Il 10 verso le 2 pom. Partimmo dal bosco del Cansiglio alla volta di Farra d’Alpago per poter raggiungere Belluno e di qui Quero. Ma gli austriaci erano già padroni della destra del Piave, per cui dovemmo tentare di salvarci per la strada di S.Croce. Se non che anche questa fin dalla notte era in mano al nemico. Così restammo rinchiusi. Il sig. cap. Marini, riunitici tutti, disse che era cosa impossibile tentare di guadagnare Quero tutti uniti, era perciò opportuno tentare a piccoli gruppi. Alla notte insieme ad altri tre colleghi passai il lago di Santa Croce. Nella notte valicammo il monte Faverghera, e dopo poche ore di riposo, per Quantin e il M. Visentin, arrivammo la sera dell’ 11 a Sossai, paese poco distante da Belluno. Data l amia recente malattia dovetti fermarmi in una casa per ristorarmi mentre i miei colleghi riprendevano il cammino. Gli austriaci erano già passati fino dal mattino del 10, così era impossibile continuare per strade maestre. Sempre dirigendomi verso Quero, la notte dell’11 mi rimisi in cammino… mentre ero intento di varcare un torrentello, fui scorto da una pattuglia di austriaci. Non potei opporre resistenza e dopo avermi malmenato e derubato della pistola, dell’orologio e circa 300 lire, mi condussero al comando del I° Batt. Del 2° regg. Kaiser Schutzen in una villa poco distante. … il 14 a Belluno dove trovai prigionieri pure i miei tre colleghi. (Sottotenente Virginio Dogliani n. 15.375 )

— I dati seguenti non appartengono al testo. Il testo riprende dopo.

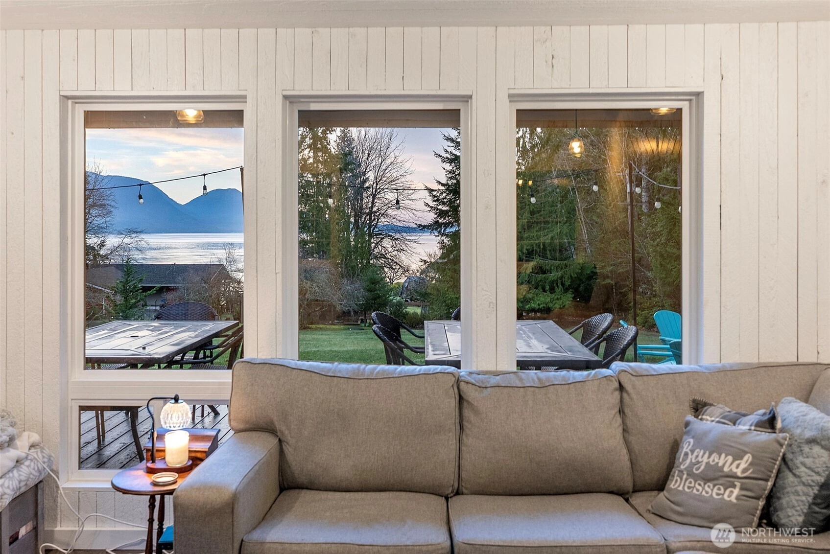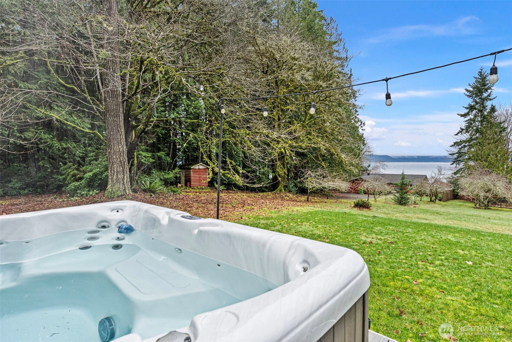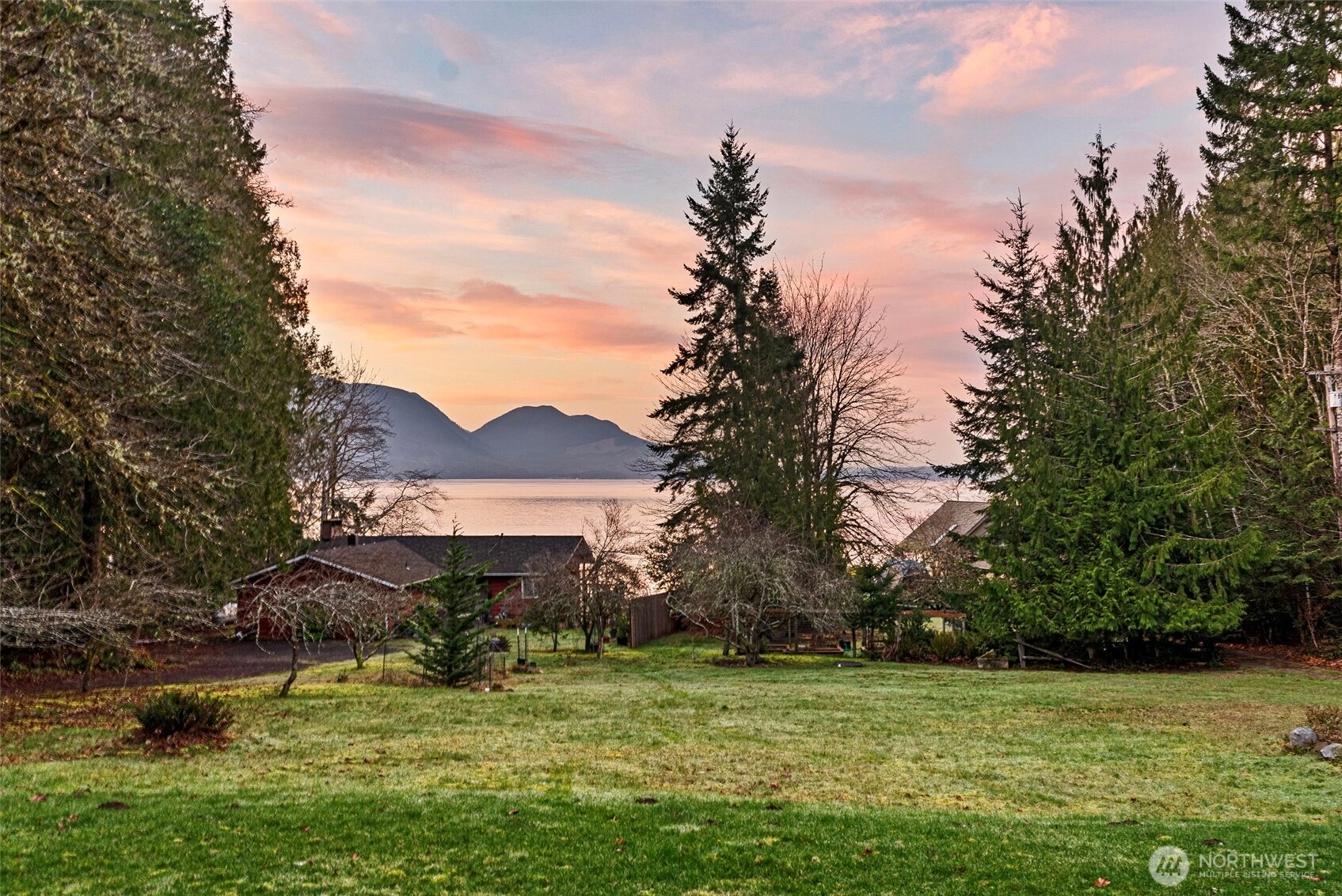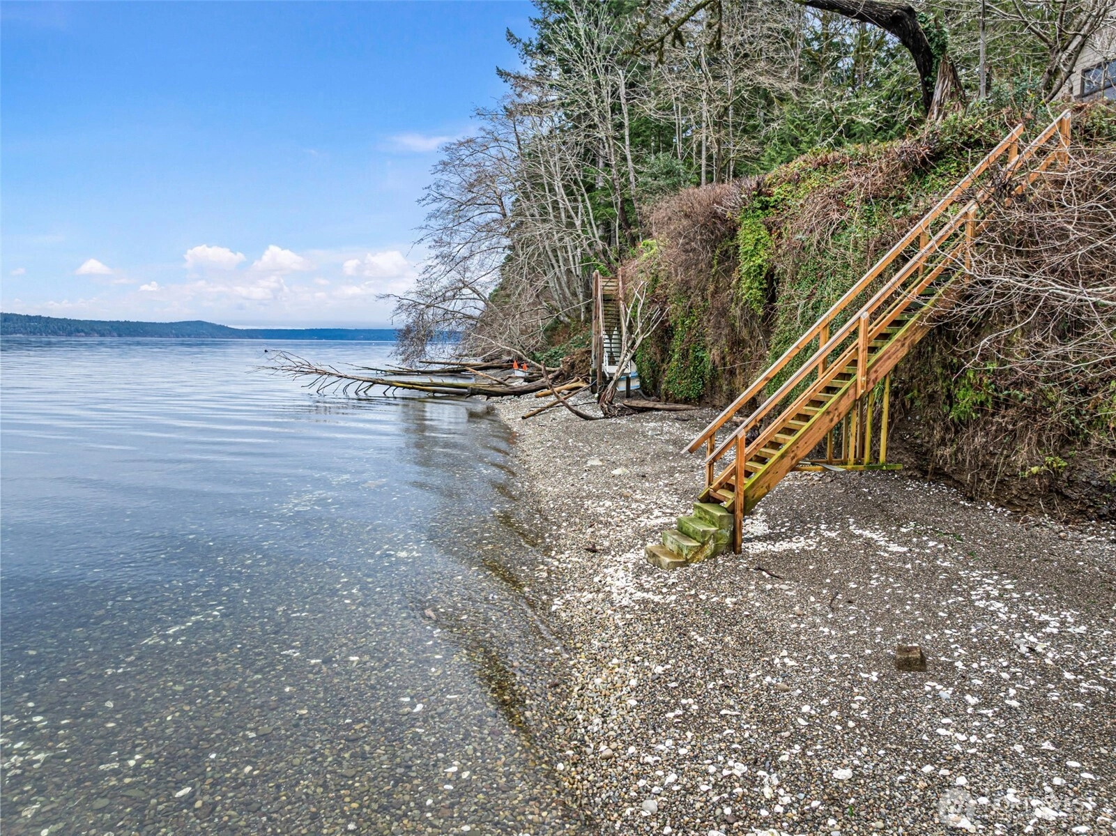 Rare waterfront opportunity offering an increasingly hard-to-find combination of level acreage, single-level living, and private beach access. Come check out this thoughtfully maintained 3 bed/1.5 bath rambler on a level .7-acre setting with sweeping Hood Canal and mountain views—where quiet mornings, beach walks, and sunset evenings feel timeless. Enjoy 12 ft of deeded private beachfront with tideland rights, accessed via a rare flag-shaped parcel with a private beach corridor and recently repaired private stairs. Backing to Scenic Beach State Park for permanent open space and trail access. Thoughtfully maintained with numerous updates, including a brand-new HVAC system, 50-year roof (2014), wood-burning fireplace, hot tub, 2-car garage plus covered carport, enclosed gardens, firepit and generous grounds for ample parking, ideal for gatherings, games, and making lasting memories.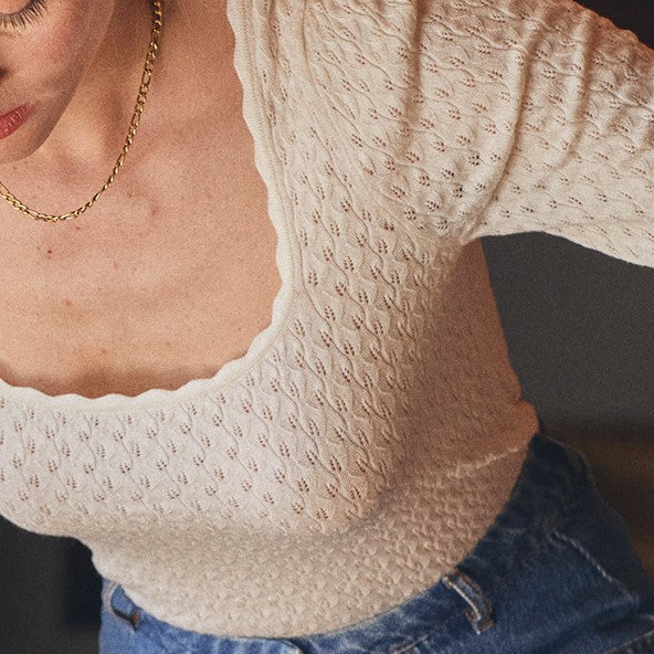 Le pull Adélie Jasmine avec son encolure carré est un vrai coup de cœur retro et un allié de mi-saison.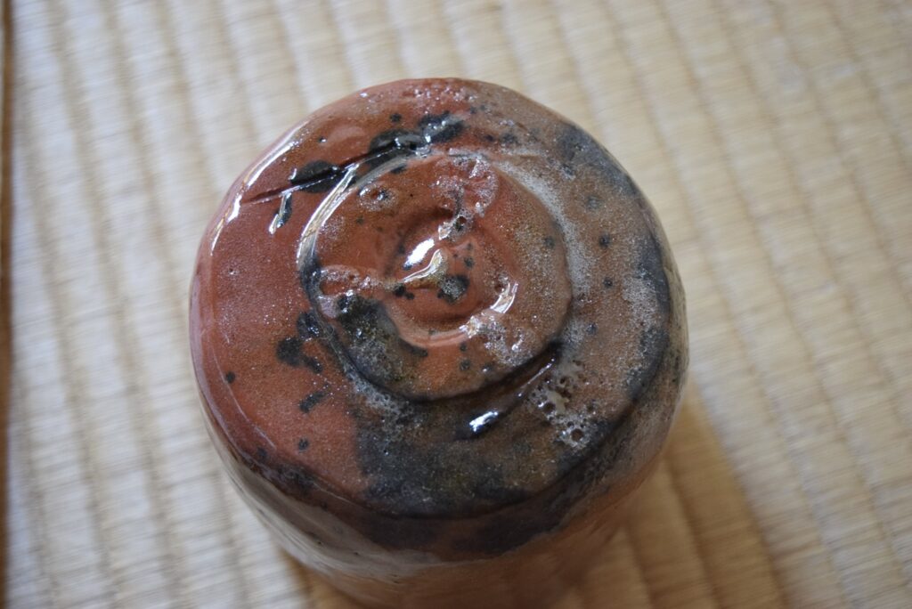 正面に薄く入ったヒビと黒の窯変が特徴的な茶碗。狙いどおりです。

Schierato a pochi chilometri dal battaglione Belluno c’era il Battaglione Val Piave. Non tutti seguirono disciplinatamente il comandante, verso la prigionia, dopo aver distrutti le armi e ogni altro strumento di utilità bellica. In effetti la relazione n. 5.121 del Maggiore Pecchiola manca nella cartella relativa al battaglione; al suo posto c’è un biglietto con questa annotazione INVIATE DALL’UFFICIO SPECIALE INCHIESTE ORDINATE DAL MINISTERO DELLA GUERRA DI TORINO AL MINISTERO GUERRA UFFICIO PERSONALE GENERALE RICHIESTI DETTO UFFICIO CON. N. 665 DI PROT. NON AVUTA RISPOSTA.